BLOG: Are annuities making a comeback?
Annuity rates have leapt 44% in the space of a year and are now at their highest levels since early 2009, according to recent figures from Hargreaves Lansdown.
So, what are annuities, and why is this recent news potentially important?
A guaranteed income
An annuity is a guaranteed income for life, provided by a life assurance company or other provider. In most cases, this is something you might buy at retirement with an accumulated pension fund.
Until 2015, everybody was legally obliged to use their pension fund to buy an annuity by age 75 at the absolute latest. Although you could take 25% of your fund as tax-free cash before doing this, the obligation to buy an annuity was very unpopular.
This was exacerbated by the fact that annuity rates – the amount of income that could be obtained per pound spent – had steadily worsened over the past decade.
The requirement to buy an annuity was finally scrapped by Chancellor George Osborne in 2015, as part of broader reforms to pensions rules. This meant that people were free to flexibly draw upon their pension funds as they saw fit, and to pass on any unspent funds to the next generation.
This saw annuity sales plunge 75% between 2013 and 2015, according to data from the Association of British Insurers.
Whilst the greater flexibility offered by pensions freedoms proved popular, removing the necessity to buy an annuity did leave the door open to the possibility that retirees could run out of money during their retirement.
This is because, unlike an annuity, there is no guarantee that a pension fund cannot be exhausted if its owner lives long enough or spends too much.
Annuities and pension drawdown therefore represent two very different options for retirement planning – annuities are secure but very inflexible, whereas drawdown is very flexible but offers little security.
Annuities and interest rates – two sides of the same coin
The fact that annuity rates and interest rates have both been very low over the last decade is no coincidence. This is because the income levels that annuities pay are determined by the interest rate payable on UK government bonds.
These bonds, known as gilts, have been paying progressively lower and lower rates of interest (known as the yield) since the 2008 financial crisis.
In addition to cutting interest rates close to zero, the Bank of England (much like other central banks around the world), had engaged extensively in a process known as quantitative easing.
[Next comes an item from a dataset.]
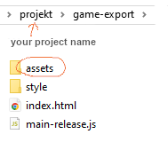 ({preferovaná složka s projektem}/game-export/assets) engin si tak připraví data pro první

Put simply, this meant that the Bank uses freshly created money to purchase gilts, with the objective of pushing down gilt yields and keeping the cost of borrowing deliberately low.
One unfortunate side effect of this however, was that annuity rates were similarly suppressed. When providing annuities, life assurance companies would buy gilts to underwrite the income they were then obliged to provide. This is because gilts are extremely stable investments, being 100% backed by HM Treasury with effectively no risk to capital when bought at issue and held to maturity.
This long-term trend of falling interest rates and lacklustre annuity rates appears to have finally reversed itself in the last six months or so, with gilt prices falling and their yields surging.
Contrary to reports, this was not caused by the mini Budget, as gilt yields began to trend upwards from the summer of 2020, but the process was certainly accelerated by it.
The overall volume of UK debt is also a factor, as it is relatively high by peacetime standards, compared to the size of the UK economy. This has meant that it is more susceptible to changes in the cost of borrowing, and changes in interest rate expectations have a more dramatic effect than they would otherwise do.
These combined factors mean that for the first time in years, annuity rates are in some cases beginning to rise and look more attractive again. So, does this mean that annuities are due for a comeback?
Flexibility versus security
As is often the case, the answer is ‘it depends’. It is certainly true that annuity rates represent better value for money than they did six months ago. For people who have large pension funds relative to their needs and who are risk averse for example, buying an annuity now would provide a copper-bottomed income at a better level than we have seen for several years.
Not only that, but this income will continue to be paid for life, regardless of how long someone lives, so this could be a valuable guarantee they would want to take advantage of.
On the other hand, the level of income available does not change the fundamental nature of annuities. Someone must still spend their pension fund in order to buy one, compared to the greater choice offered by drawdown.
It is also the case that unless the annuity chosen factors in some degree of protection against inflation, the real terms value of the income provided will erode over time.
This is another one of the attractions of pension drawdown, since such funds are not merely accessible, but also have the potential for long-term growth above the rate of inflation, if appropriately invested.
Whilst it is true to say that annuities are better value than they used to be, it is still too early to confidently say that their place in financial planning has materially changed since the introduction of pension freedoms.
It will therefore be interesting to see how annuity rates develop over the coming year.